▶ SUPPLIED DATA
_____
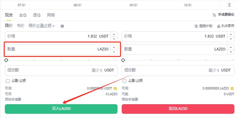 8、在右上角搜索框搜索LAZIO,选择LAZIO/USDT交易对,可以看到LAZIO实时行情
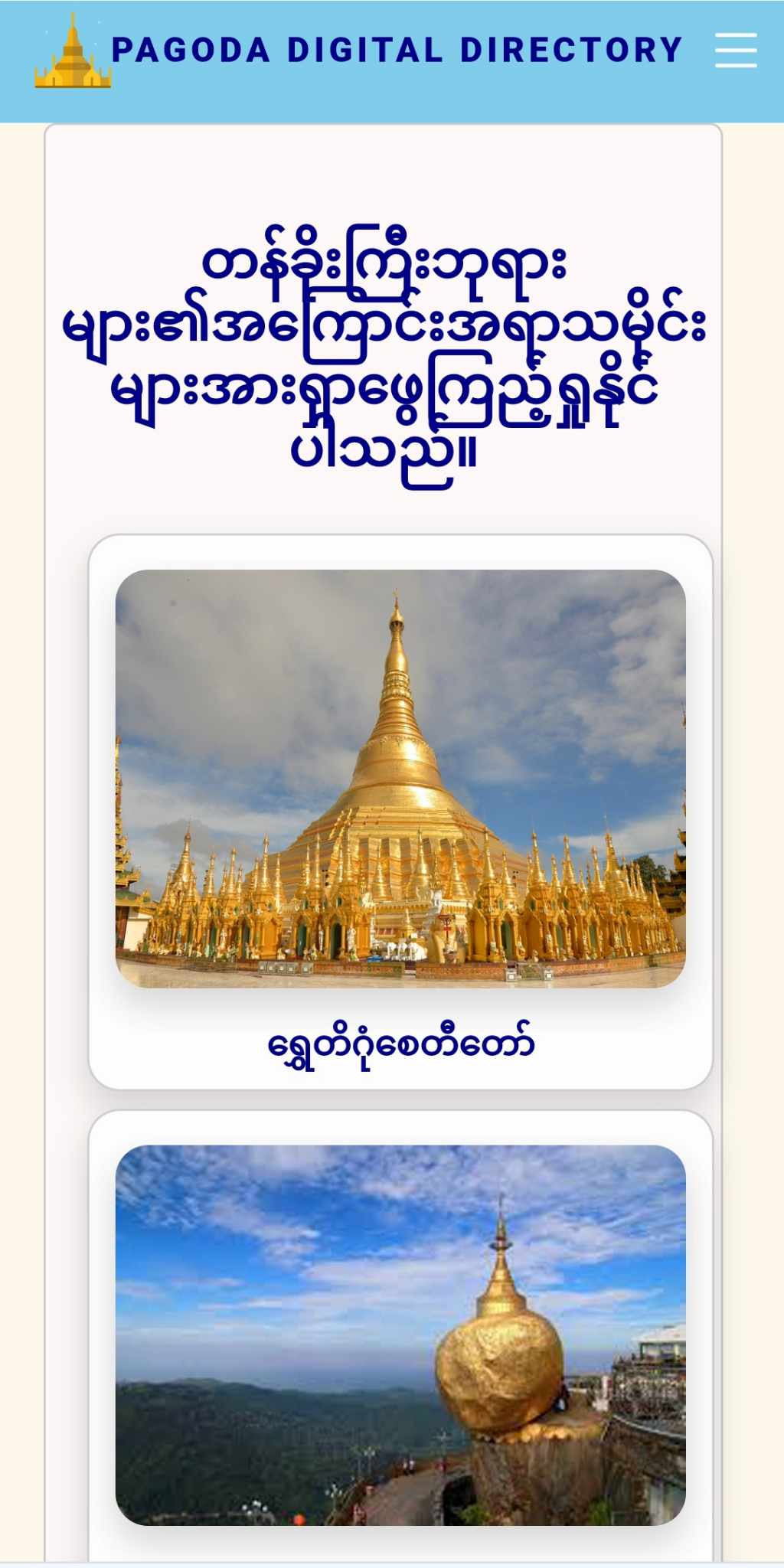 မြန်မာနိုင်ငံရှိ အထင်ကရဘုရားများ၊ ထူးခြားသည့် ဒေသဆိုင်ရာစေတီပုထိုးများအား Pagoda Digital Directory အဖြစ် Website တွင် ပြသနိုင်ရေးစီစဉ်
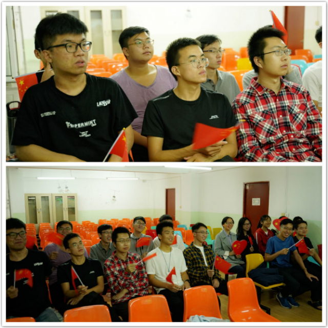 2017级本科在二公寓电视厅组织观看了国庆文艺晚会。
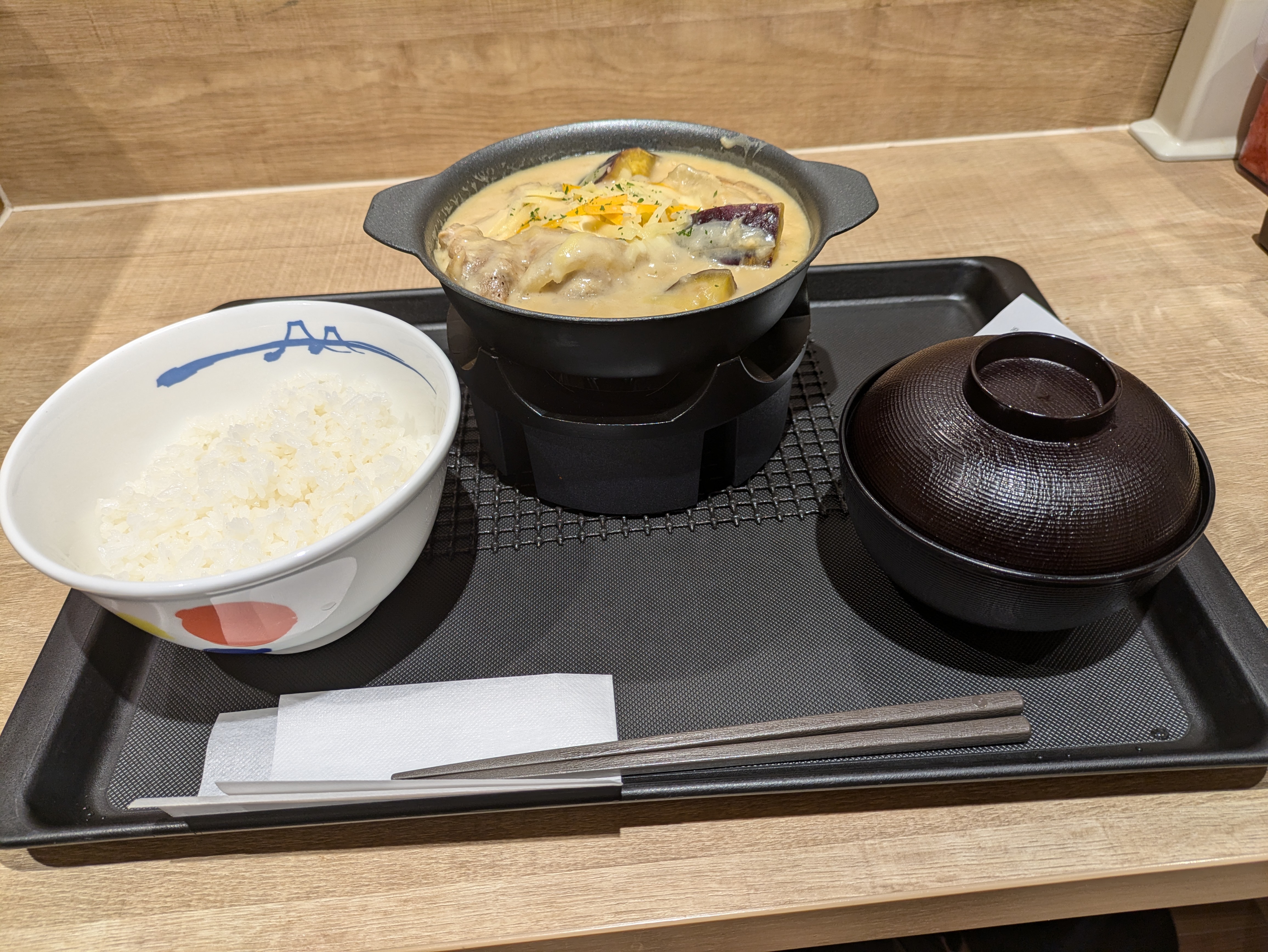 松屋のシュクメルリ定食です。ジョージアのお料理ですよ。ニンニクが効いていて、美味しかったです。寒い日には身体が温まりますね。
_____
▶ YOUR INSTRUCTIONS
I'd like the material above repeated exactly, with the pictures omitted.

▶ SOLUTION
 8、在右上角搜索框搜索LAZIO,选择LAZIO/USDT交易对,可以看到LAZIO实时行情
 မြန်မာနိုင်ငံရှိ အထင်ကရဘုရားများ၊ ထူးခြားသည့် ဒေသဆိုင်ရာစေတီပုထိုးများအား Pagoda Digital Directory အဖြစ် Website တွင် ပြသနိုင်ရေးစီစဉ်
 2017级本科在二公寓电视厅组织观看了国庆文艺晚会。
 松屋のシュクメルリ定食です。ジョージアのお料理ですよ。ニンニクが効いていて、美味しかったです。寒い日には身体が温まりますね。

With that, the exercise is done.